The Significance Of The Golden Cross…Statistically

The golden cross is a technical chart pattern indicating the potential for a major rally. The golden cross appears on a chart when a stock’s short-term moving average crosses above its long-term moving average.  The most famous golden cross, used and monitored by the Smart Money is when the 50 moving average cross over and above the 200 day moving average.

There isn’t a name for when price crosses over and above the 50 day moving average, while the 50 day moving average crosses over and above the 200 day moving average, but it’s statistical significant on the S&P 500.

Since 2009, the S&P has crossed above its 50-day moving average, a key technical level, on 10 other occasions (with a minimum of one month between episodes).

Two weeks after the S&P 500 crossed back over its 50-day moving average, the S&P, Dow Jones Industrial Average and Nasdaq Composite all tend to trade consistently higher — each a positive trade 90% of the time, according to a CNBC analysis of Kensho, a machine-learning tool used by Wall Street banks and hedge funds to identify trading opportunities from historical market patterns.

Among the top-performing sectors two weeks later: Industrials, materials and tech, all trading positively 90% of the time.

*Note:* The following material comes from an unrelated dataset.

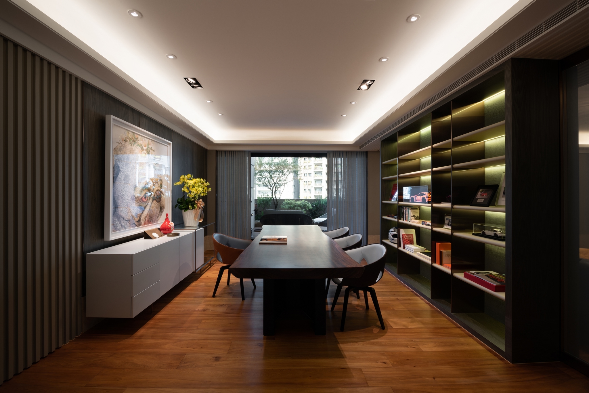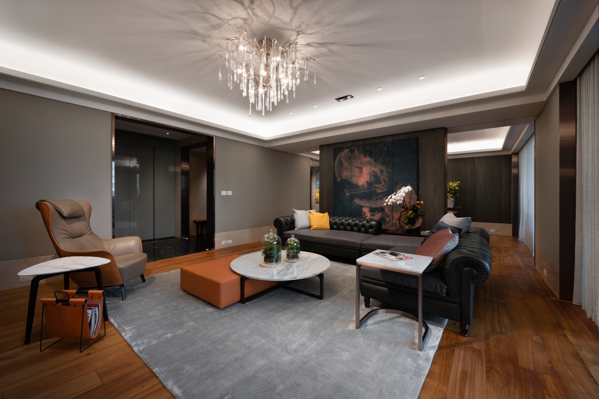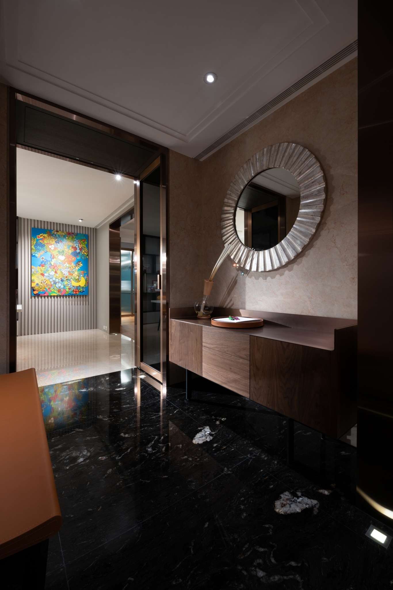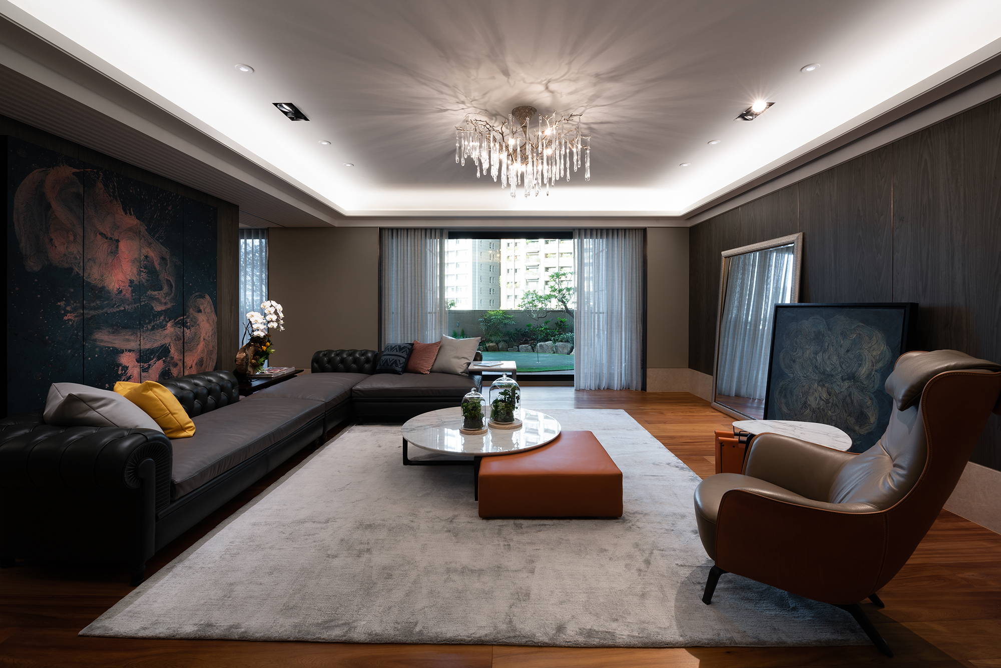 The stone and titanium-plated door frame decorated at the entryway manifest the grand ambience. The study room adjoining the living room is decorated with the TABU veneers, where the dark gray, as well as a bit green, is progressively embellished from the indoor space to the outdoor terrace, both of which the colors are congruous to the furniture as well. The parlor and bedroom ornamented with the lacquers, paints and steel pieces display the composed and elegant textures.

Last week, the SPDR Materials ETF, XLB had its best one week return in over 10 years.

However, price finds itself at a critical level again, at the weekly supply at $58.50.  The zone isn’t fresh, meaning price has been here before, so price could go higher….or because price has memory, the sellers could step in and push price back down…only time will tell.

This post is my personal opinion. I’m not a financial advisor, this isn’t financial advise. Do your own research before making investment decisions.